Alda Merini «Io quest’anno ho spento le candele: tutti mi hanno invitato, ma quella notte non farò nulla di diverso, nulla che io non faccia sempre, proprio come quando ero bambina; al limite si cambiava stanza, si andava dalla camera al tinello per vedere se era arrivato Gesù, e per mangiare il panettone, che allora si chiamava “el pan de Toni”…».

Difficile immaginare una tavola natalizia priva del panettone, il dolce tipico che, in realtà, sarebbe buono tutto l’anno, ma di fatti ha legato il suo consumo alla festa del Natale.

Ma quanti sanno in quale epoca affondi le sue origini il panettone?

Secondo Pietro Verri, già nell’800, a Milano e dintorni, le famiglie cristiane era solite festeggiare il Natale condividendo un “pane grande” che veniva spezzato dal pater familias.

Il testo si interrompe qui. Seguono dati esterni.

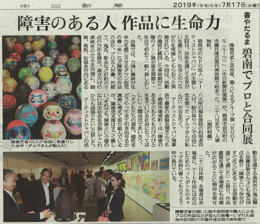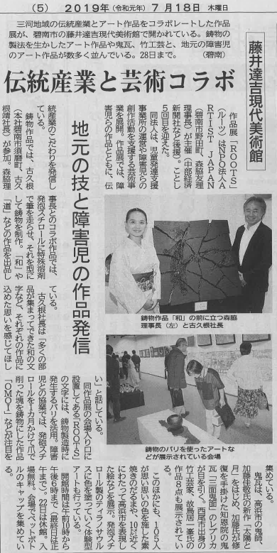 2019/07/22 ROOTS 新聞掲載 7月13日(土)~7月28日(日)にかけて碧南市藤井達吉現代美術館にて行われております、 ARTIST JAPAN様主催の作品展『ROOTS』が中部経済新聞・中日新聞に掲載されました。 詳しくは添付資料をご覧下さい。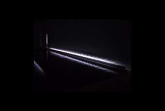 Y en el camino entre estas dos salas, vemos un guiño. Al fondo, una linea de luz como proyectada en la pared.Si caminas a la sala paralela, descubres que esa linea, el reflejo que atraviesa una fina linea cortada en la pared. Bajo esa linea cortada,hay agua. Un pequeño canalito. Frente a esto, otro foco que sabiamente cubierto, solo deja escapar un halo de luz que alcanza la instalacion mencionada. Al final del canalito, hay un camino de maderas y a medio camino, una puerta abierta hacia la sala donde vemos el reflejo en la pared.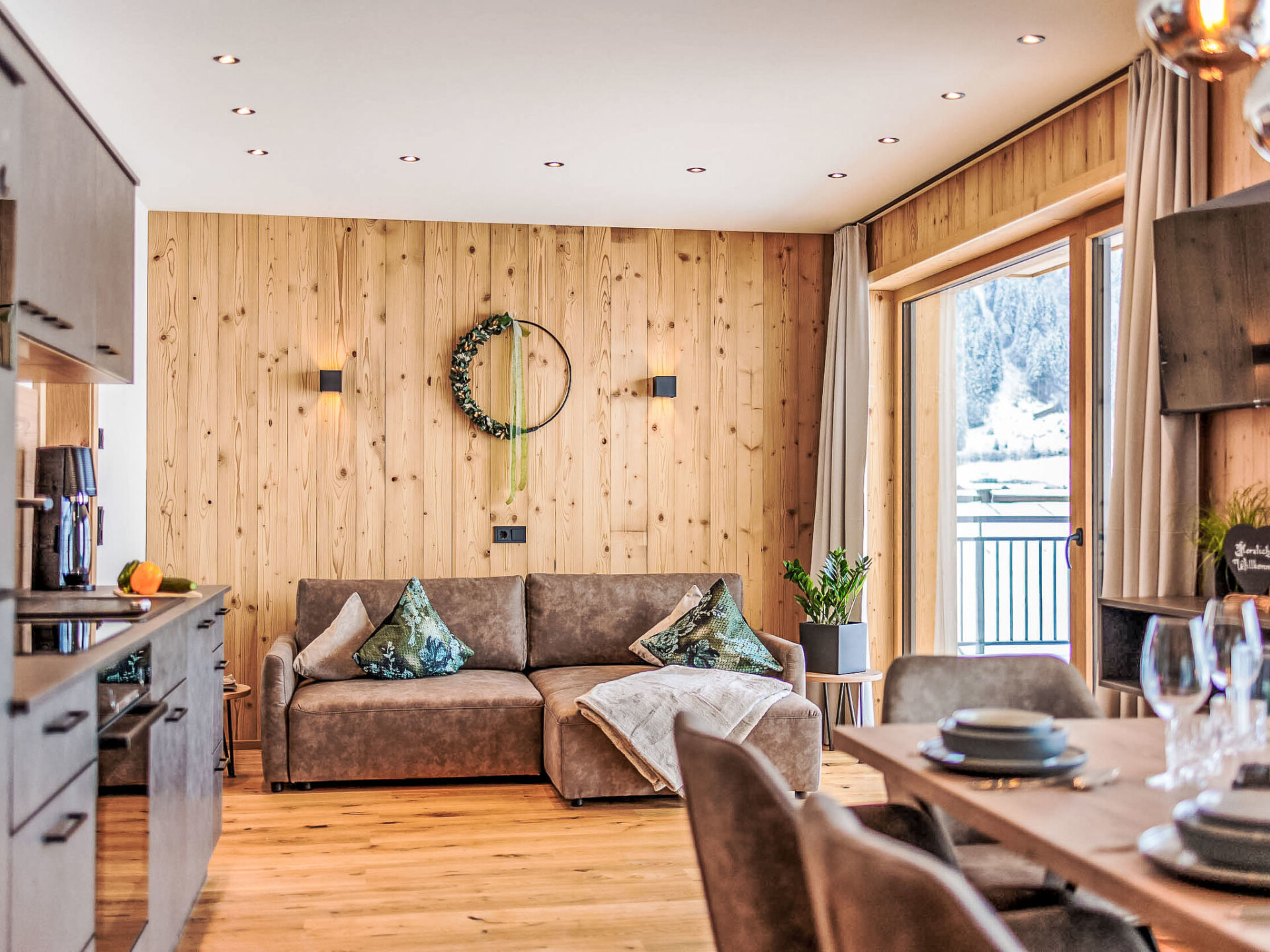 "Mountain Suite Nr 302", appartement 3-kamers 57 m2 op de 2e verdieping. Smaakvol en met veel hout ingericht: woon-/slaapkamer met 1 2-pers divanbed, eethoek, kookhoek, Sat-TV en internationale TV-zenders (Flatscreen TV). Uitgang naar het balkon. 1 2-pers. kamer met Sat-TV en internationale TV-zenders (Flatscreen TV). Uitgang naar het balkon. 1 2-pers. kamer. Uitgang naar het balkon. Open keuken (oven, afwasmachine, 4 keramische glas kookplaten, broodrooster, waterkoker, magnetron, elektrische koffiemachine, pads voor de koffiemachine (Nespresso) extra). 2 douche/WC's. Vloerverwarming. Houten vloeren. 2 balkons. Balkonmeubilair. Zeer mooi panoramazicht op de bergen en het landschap. Ter beschikking: kluis, haardroger. Internet (Internet (WiFi), gratis). Garage (1 Auto). Oplaadstation. Niet rokers woning. Geschikt voor allergiepatiënten. 50411-008165-2024
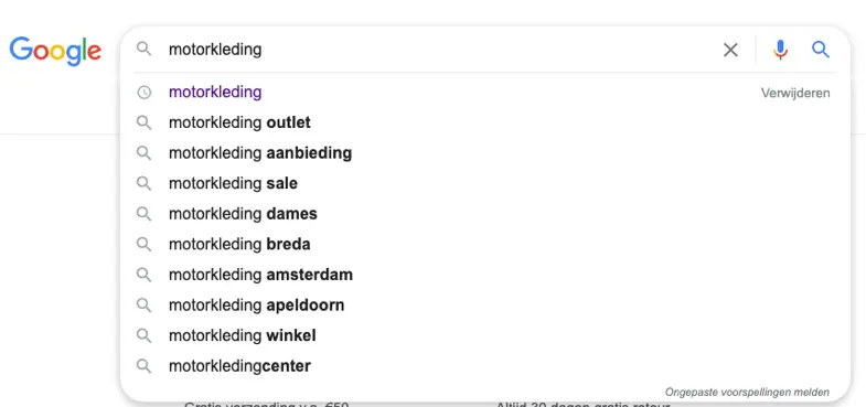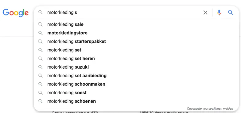 Type je bijvoorbeeld ‘motorkleding s’ in, dan krijg je alle suggesties die starten met de zoekopdracht ‘motorkleding s’.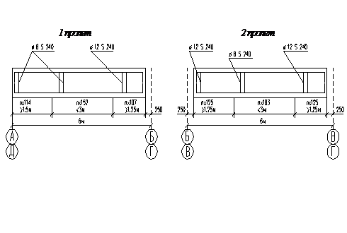 поперечного армирования крайнего и среднего пролетов второстепенной балки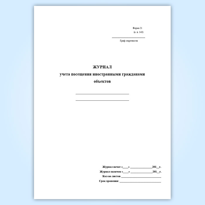 Журнал учета посещения иностранными гражданами объектов (форма 21) в Омске купить

Di sicuro, il primo documento scritto che attesta la consumazione di un “pane di Natale” risale a circa 750 anni dopo, per l’esattezza al 1599, quando nel collegio Borromeo di Pavia fu servito agli studenti del convitto un pane natalizio cotto con burro, uvetta e spezie.

La leggenda più bella è però quella del “pan del Toni” (da cui, in lombardo, panatton o pane’tun). Secondo tale leggenda, un duca di nome Agamennone invitò a casa sua per il pranzo di Natale tutti i nobili del circondario. Ovviamente, incaricò il suo cuoco di preparare un menù con i fiocchi con tanto di sontuoso dolce natalizio. Disgrazia volle, però, che il cuoco, preso da mille incombenze, dimenticasse il dolce nel forno (alzi la mano colui o colei ai quali mai è capitata la stessa disgrazia…) e che il suo sguattero, di nome Toni, lo trovasse disperato a chiedersi cosa fare a quel punto, visto che non poteva di certo servire un dolce carbonizzato. Toni osò suggerire: “Maestro cuoco, in dispensa ho trovato un po’ di rimasugli: un pugno di farina, delle uova, un po’ di burro, qualche acino di uvetta e della scorza di cedro. Impastandoli insieme avevo preparato un dolce per la mia famigliola. Ma, se vuole, glielo dono di cuore: provi a vedere se potrà piacere ai nobili convitati”.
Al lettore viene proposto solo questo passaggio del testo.